Tsheets as well. Love that in integrates into QB, just approve the time and export. Everything is there when I run payroll, and every minute of time is charged to the correct job. 

It makes checking our numbers to ensure correct bidding really easy.


----------



## DeanV (Apr 18, 2007)

How does importing overtime from tsheets work?


Sent from my iPhone using Tapatalk


----------



## George Z (Apr 15, 2007)

DeanV said:


> How does importing overtime from tsheets work?
> 
> 
> Sent from my iPhone using Tapatalk


No clue, we never work overtime. They are very responsive and customer friendly, maybe they can answer that question.


----------



## straight_lines (Oct 17, 2007)

DeanV said:


> How does importing overtime from tsheets work?
> 
> 
> Sent from my iPhone using Tapatalk


I have tried everything short of calling support but it just imports everything into regular time. I have to manually edit if there is overtime to correct it.


----------



## DeanV (Apr 18, 2007)

I manually enter everything from timestation to qb but it does not calculate overtime either so I need to do the math part. 

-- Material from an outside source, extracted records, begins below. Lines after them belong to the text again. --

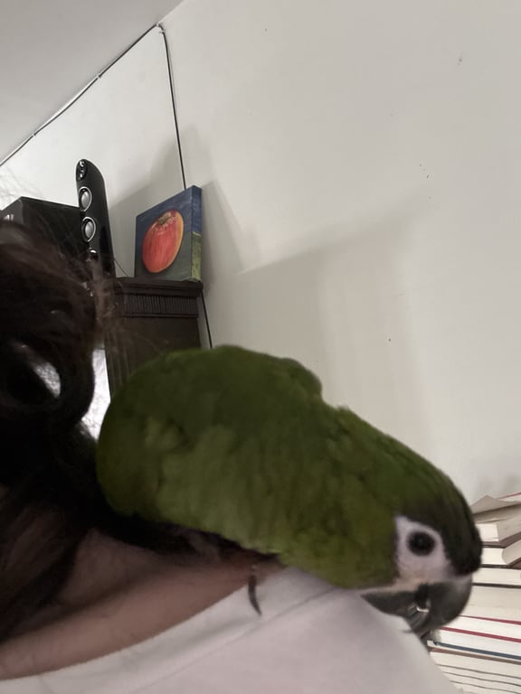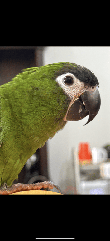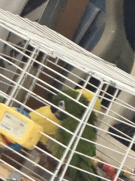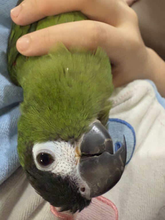 รอยตำหนิ: OnnutThis bird is a red winged macaw. The size of it is small and not large like a regular macaw. It has green wings with tinted red hue to it. Its face is white with little specks of hair to it. This bird can say “hello”, “mama”, and its own name which is in Chinese. The bird is still young, at an estimated age of one year old.
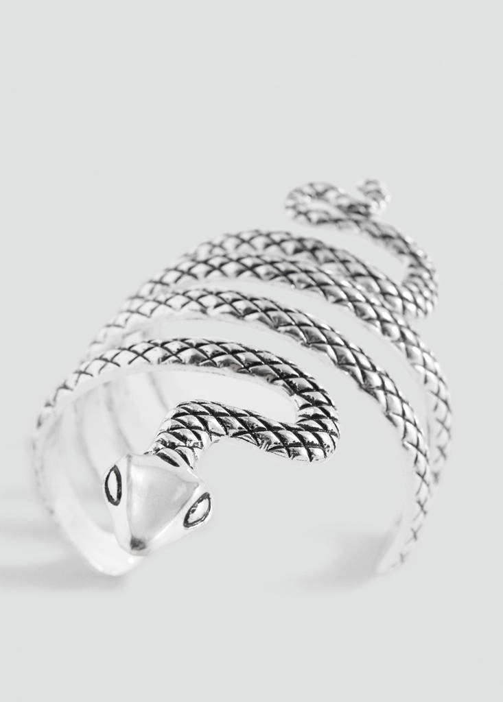 Snake-effect cuffCurrent price [US$ 19.99 ]US$ 19.99Select a colourSilverSelect your sizeOne sizeNot available. I want it!Notify meAdd to WishlistSee lookFree shipping to storeSnake design. Metallic finish. Rigid design. Adjustable closureDetails, composition and careStore availabilityMango StylistAsk about deliveries, returns and moreAssistant
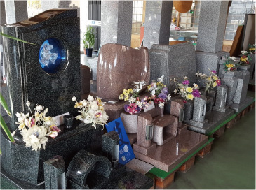 - 当社の「展示場」では、常時、15基のさまざまななタイプの墓石をご用意しておりますので、デザインや銘石の質感を実際に目で見て、触れていただけます。また、全優石認定の「お墓相談員」の資格を持ったスタッフがおりますので、墓石の特長やご予算、お墓づくりに関する疑問・質問などお気軽にご相談ください。
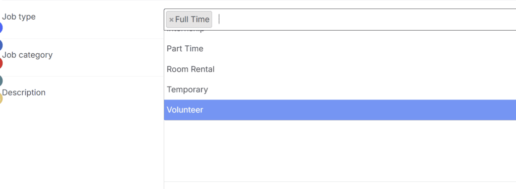 - Under Job Type, select “Volunteer”
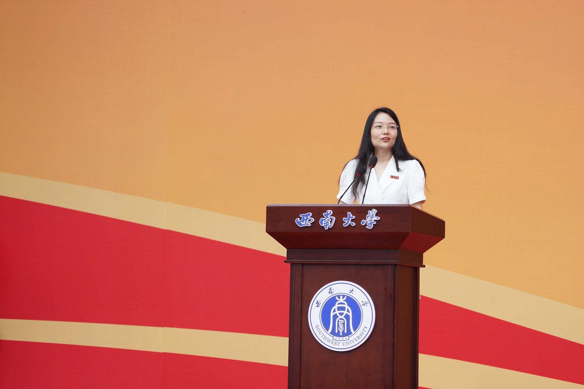 毕业典礼上,校史宣讲团成员周灵为大家带来一堂“毕业前的校史课”,她以“青春,在校史中成长”为题,带领大家穿越百年时光,以国家民族利益至上的动人故事,激励西大学子崇德尚善,创我荣光,让青春在校史中璀璨发亮。
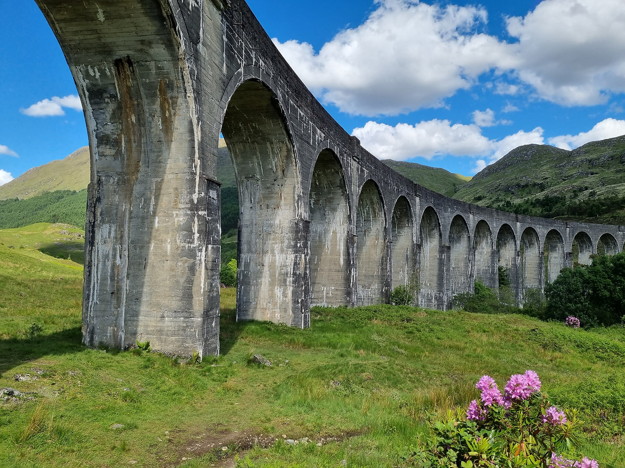 산악 지형이 많은 스코틀랜드에도 고가교가 여러 개 있는데, 특히 유명한 고가교가 우리가 찾은 글렌피넌 고가교다. 스코틀랜드 하이랜드 지역의 글렌피넌 마을 근처에 있어 ‘글렌피넌 고가교’라 불리는 이 고가교는 100여년 전인 1900년 전후에 건설된 것으로, 그전까지 영국 또는 유럽에서 건축에 주로 사용했던 재료인 석조 대신 콘크리트를 사용한 초기 대규모 구조물로 당시 기준으로 매우 혁신적인 고가교였다고 한다.
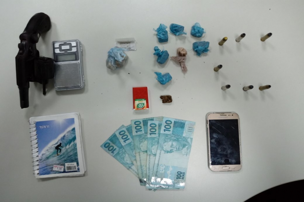 Foram apreendidos um revólver calibre .38, uma pistola calibre 765mm, com dois carregadores e vinte munições, maconha, mais de duzentas pedras de crack e quarenta pinos de cocaína, além de quantias em dinheiro.
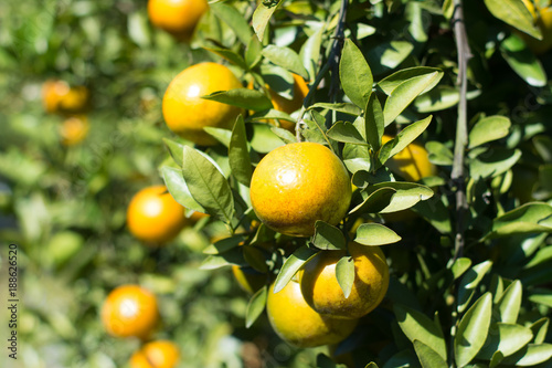 Ripe shogun orange hanging on tree. tangerine fruit
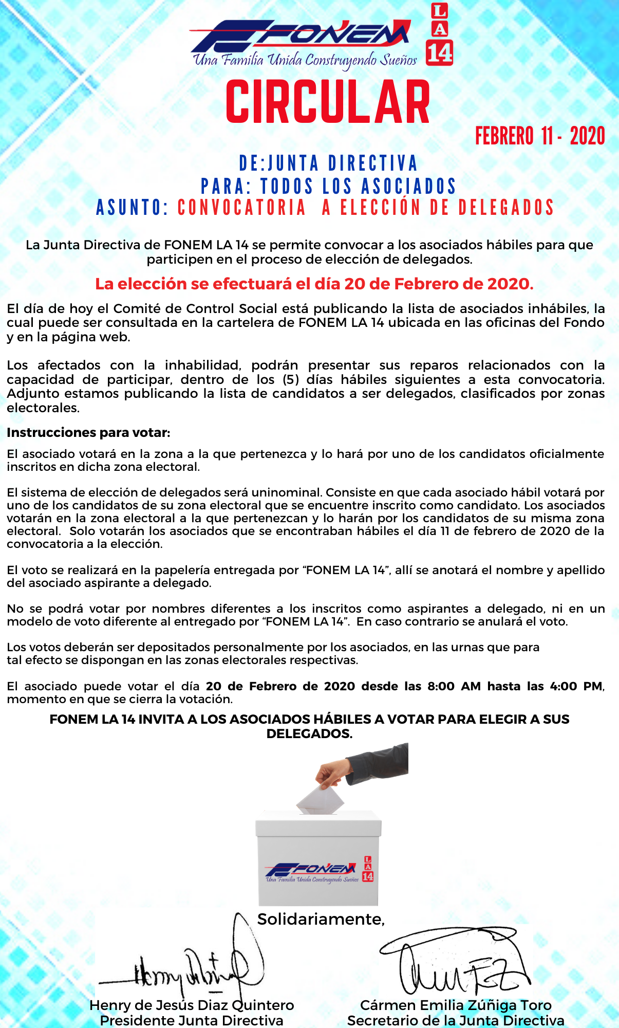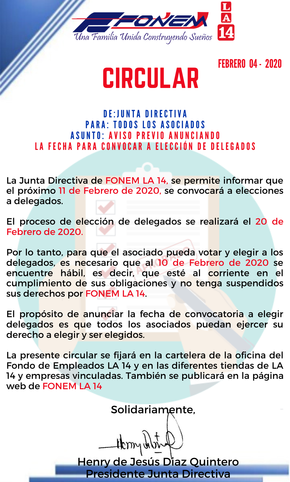 Apreciado asociado, le compartimos la circular donde informamos el proceso de elección de Delegados de FONEM LA 14.
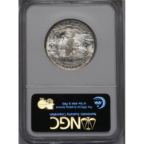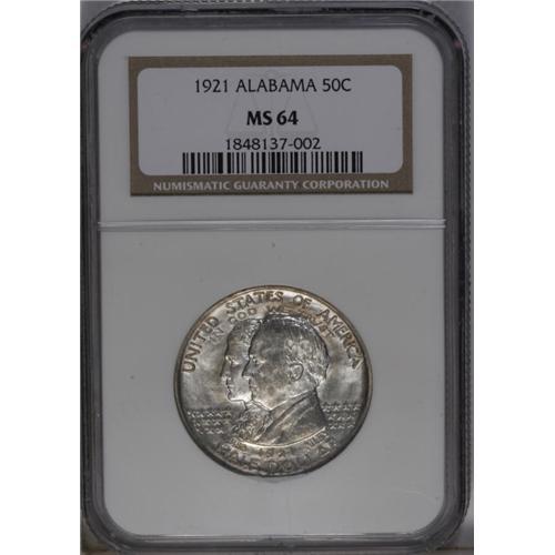 <B>1921<50C> Alabama MS64 NGC.</B></I> Variegated ice-blue and beige-gold patina rests over highly lustrous surfaces that display sharply impressed design elements. A couple of marks on Kilby's cheek limit the grade.
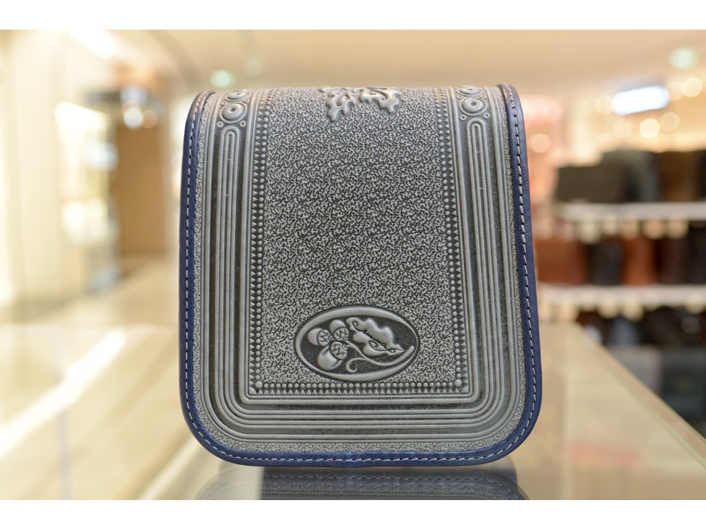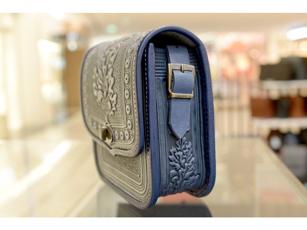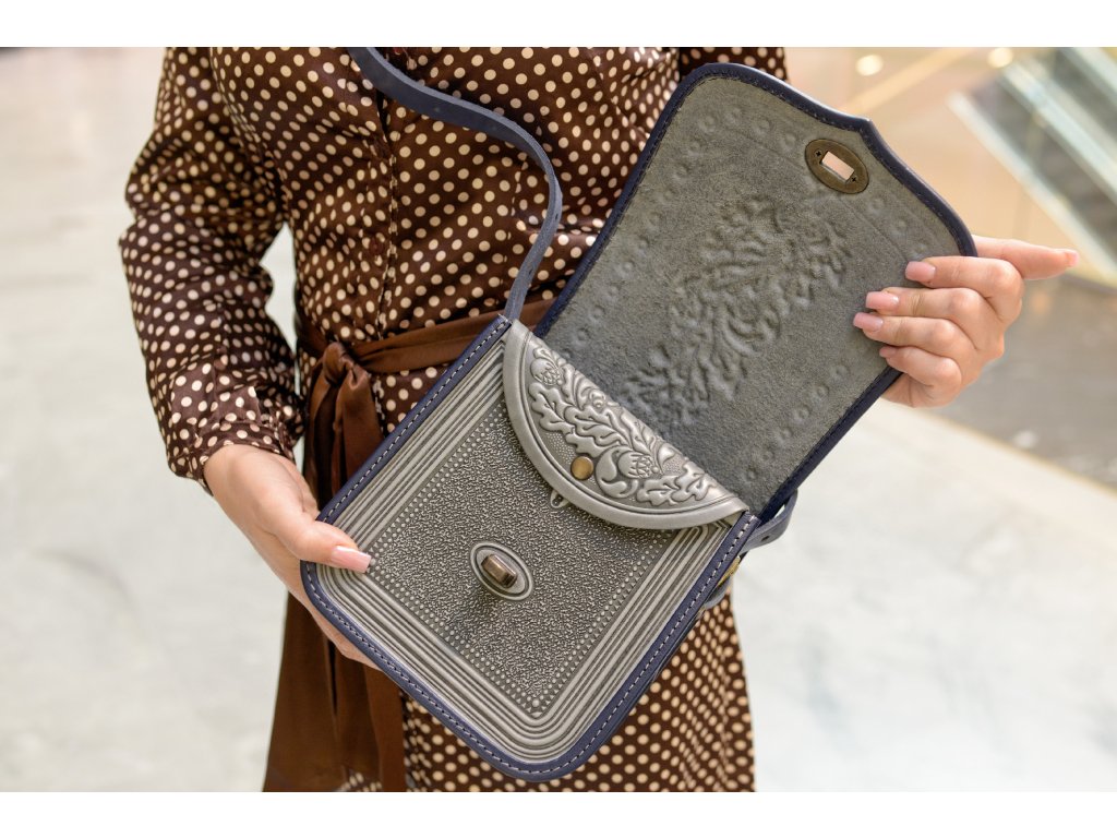 Kabelka "DUB M". Opasková kůže šedá/tm.modrá

Sent from my iPhone using Tapatalk


----------



## straight_lines (Oct 17, 2007)

Tsheets breaks down into regular and OT depending on how it's set up. Somehow in the import it all goes into regular hours into QB. 

Something I keep forgetting to ask my bookkeeper. She is really good with tech issues in QB and will keep calling support until it gets resolved. Even got me a discounted rate because we had so many issues and cost when switching to online from desktop.


----------



## DeanV (Apr 18, 2007)

For me, it looks like TimeStation is $20 per month, but TSheets would be $96 per month for 20 employees.

Not sure QB export is worth the extra cost for me.


----------